Well the next couple of years were the real game changer. New symptoms made it clear that it was very different to what I had already been diagnosed with. From the age of 16 to 18 my skin started to change dramatically. It started with a thickening of my facial skin and the skin on my hands. Over about 6 to 9 months the joints in my wrists and hands began to swell, in a similar way to which my knees and ankles had. I was fairly oblivious to this happening; it was mainly my family that noticed. Unlike my knees and ankles, my hands and wrists have never caused me any pain, so I kind of just thought they had grown with the rest of my body and didn’t realise that they weren’t normal. The other changes over this period were much easier to recognise as they weren’t normal. The thickening of skin on my head had developed into folds on my scalp and forehead and sagging of the skin around my eyes and cheeks.
My doctors at the time were baffled, so this resulted in many more blood tests, this time there were some really horrible experiences. I think the worst tests were for a hyperactive thyroid. It started by drinking a sugar solution, YUM. Then over the next 4 hours my blood was taken every 20 minutes, not so fun. A prick every 20 minutes might have made me feel like a pin cushion but would have been preferable. Instead I had an intravenous needle on the inside of my elbow. Not helped by a shockingly bad placement by the nurse, this was an unbelievably painful experience, I can still remember the pain, from all 3 times I have the test.

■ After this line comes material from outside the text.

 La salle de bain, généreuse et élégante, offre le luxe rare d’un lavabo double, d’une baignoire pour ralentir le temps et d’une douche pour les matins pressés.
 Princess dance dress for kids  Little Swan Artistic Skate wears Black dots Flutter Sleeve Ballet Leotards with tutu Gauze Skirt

All of the tests were again showing no consistent results for any definite diagnosis, but they did rule a lot out, most importantly acromegaly.

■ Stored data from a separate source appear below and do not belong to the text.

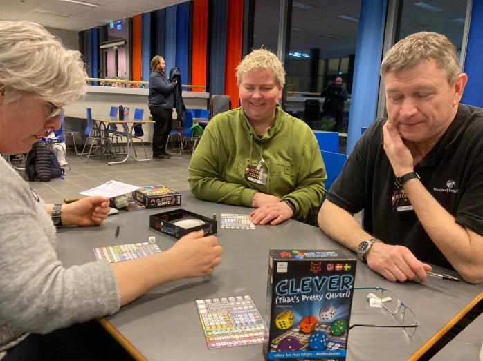 Britt og Terje var også Ganz Schön Cleverfans, og jeg trengte en ekstra runde, og gikk bare bort i GameNinjas popoppbutikk og kjøpte meg et eksemplar. Fantastisk med egen brettspillbutikk på MW. Britt og Terje lærte meg de triksene jeg ikke kunne og Gina ble også med. Igjen kjekt og angret ikke på kjøpet. 8/10.
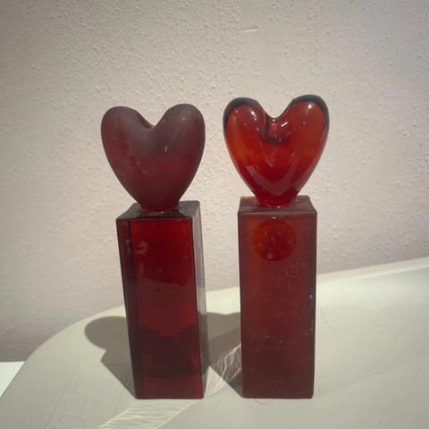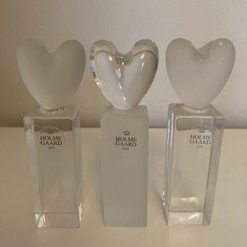 Holmegaard glasfigur med hjerteform, i klar og frostet glas. Dekorationsobjekt med to varianter, en i klart glas og en i frostet glas.
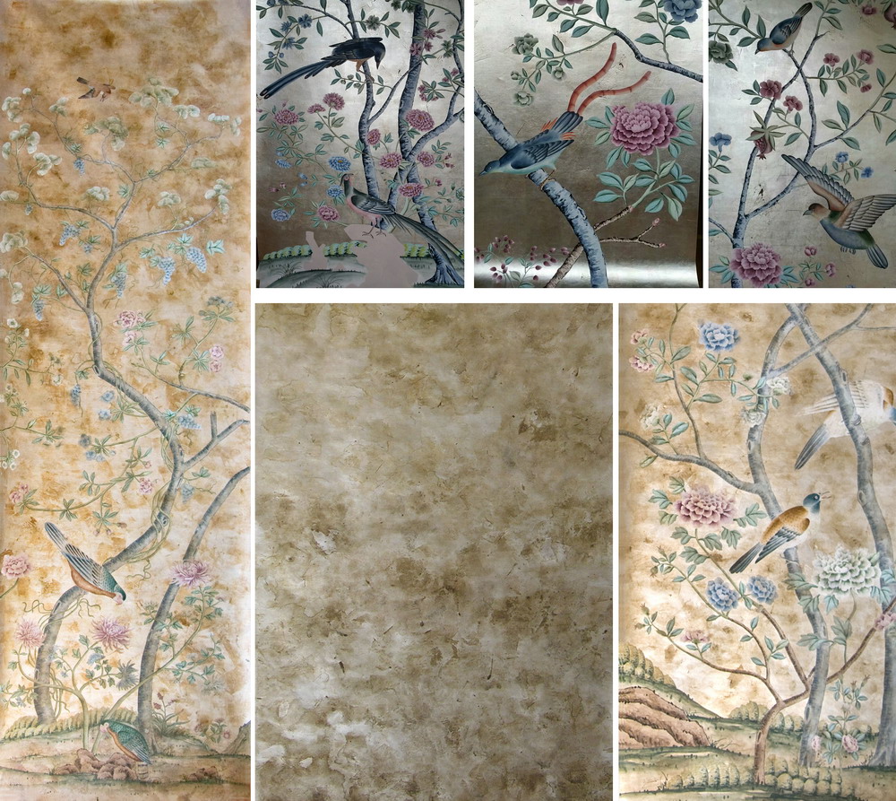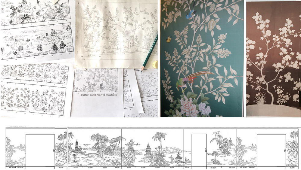 Our handmade wallpapers are devided into European landscape style and Chinoiserie style, can be painted on various background silk materials and metallic wallpaper with unique pattern color usage to fit your room styles.

By the summer of 2003 my doctors, my family and I were at our wits’ end, so my very kind rheumatologist recommended I see a former colleague who was a dermatologist he “really rated”. Off I trotted, to yet another new doctor but to my surprised I walked in the room and the doctor pretty much said, this is what you have. Ok, he might have given me the once over first but he knew the moment he saw me. I was about to be anointed UNIQUE. He diagnosed me with Pachydermoperiostosis; he had seen it before but not to the degree that I had it.
Over the 18 months to two years that we hunted down a diagnosis I tried to pretty much ignore my condition. I didn’t talk to anybody about it and tried to continue with my life as though nothing was happening. This was not because I didn’t thinking about it, I just couldn’t deal with it in reality, speaking about it would’ve made it a part of my life which I wasn’t ready for it to be. I guess I did suffer in silence but only because of my own stubbornness. I wasn’t in a happy place. I felt anger towards my parents at the time. They would research all the possibilities and get worried as to what the outcome would be. They didn’t share any of the information with me which definitely made me feel as though they were treating me ‘like a child’ a big no no for any teen. In reality I was acting like a child, ignoring my conditions and refusing to discuss them. They were also protecting me from some of the possible diagnoses which would of just lead to constant worry.